The House Ways and Means Committee voted Tuesday evening to make redacted public versions of former President Donald Trump’s federal income tax returns filed while he was running for and serving in the White House.
According to the committee’s chairman, Rep. Richard Neal, D-Mass, it will take “a few days” to remove some sensitive information before releasing Trump’s returns and those of eight affiliated Trump businesses.
The notes from IRS audits of the returns are among the records set for release.
Later Tuesday evening, a 29-page report on Trump’s taxes was released.
The Democratic-controlled committee approved the release of the returns and report by a vote of 24-16. Before the vote, the panel met in an executive session for more than four hours to discuss whether and how the tax returns should be made public.
The committee received the tax records, which cover the years 2015 to 2020, from the Internal Revenue Service last month, following a three-year legal battle over Trump’s objections.

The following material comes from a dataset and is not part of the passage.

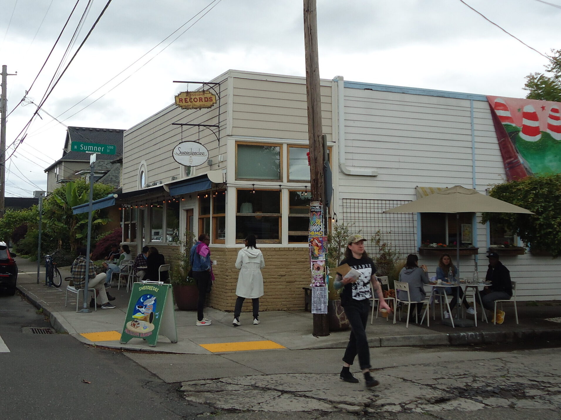 ミシシッピ地区は、ポートランドの北部にある人気のエリア。古い建物をリノベーションしたカフェやレストラン、雑貨屋、レコードショップなどが並んでいるストリート。地元の人も観光客も集まる、にぎやかでクリエイティブな雰囲気の街並みです。ミシシッピレコーズへ。
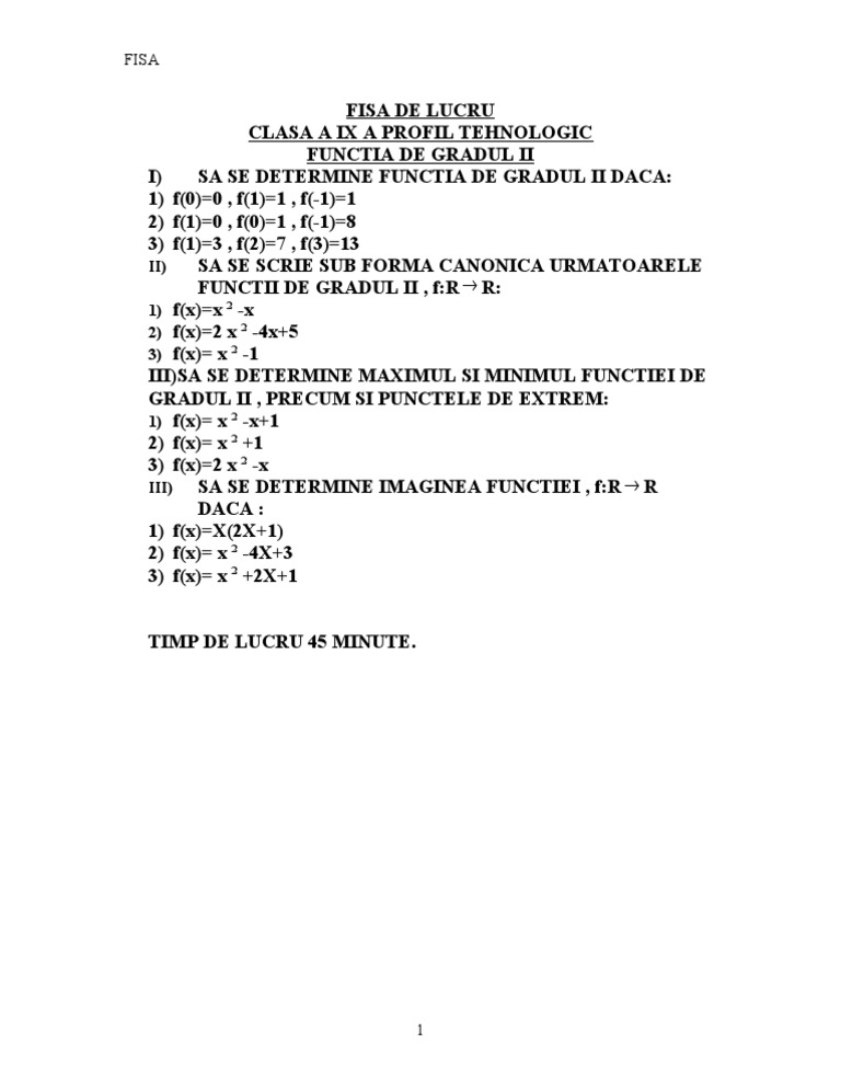 Fisa De Lucru Functia De Gradul Ii

Neal previously stated that the records would be used to assess how the IRS audits the tax returns of sitting presidents each year.
Trump defied decades of political tradition by refusing to release his tax returns as a candidate and president.

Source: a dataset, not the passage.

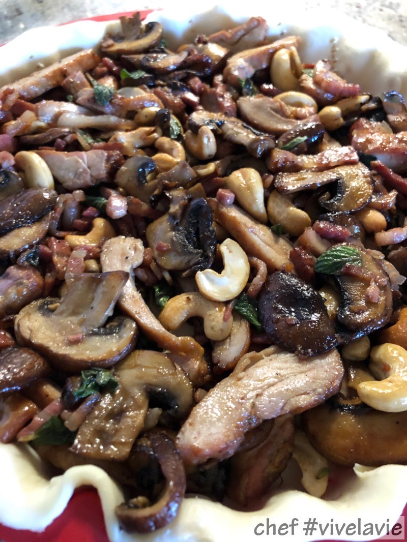 Ik ben wel een liefhebber van de hartige kruidigheid die bijvoorbeeld Boursin heeft en nee: dit recept wordt niet gesponsord door Boursin. Ik kook vaker met Boursin, omdat ik het een geweldige smaakmaker vind en daardoor lekker combineert met een aantal mooi ingrediëntn, zoals champignons en spekjes. Voeg daar nog iets aan toe met een bite (cashewnoten in dit geval) en je hebt de heerlijke inhoud van een hartige taart.
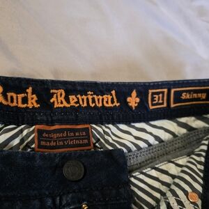 Dark blue classic Rock Revival jeans in the style Rosemary. These are in awesome shape! They are pre-owned but have not been worn many times. They are technically skinny jeans, but they have more of a straigh-leg fit.

According to the New York Times, the billionaire real estate developer paid only $750 in federal income taxes in 2016, the same amount the following year.
After obtaining his tax returns, Trump paid no income tax in 11 of the 18 years examined by the Times.
Tuesday’s vote was the latest in a string of setbacks for Trump, who announced last month that he would run for the Republican presidential nomination.
On Monday, a House committee unanimously voted to refer Trump to the Department of Justice for a criminal investigation and possible prosecution for his efforts to reverse his 2020 election loss to President Joe Biden, which included pressuring then-Vice President Mike Pence to refuse to certify several states’ Electoral College slates.
According to Neal, following Tuesday’s vote, lawmakers will have two days to file supplemental information or objections to the panel’s report on the returns.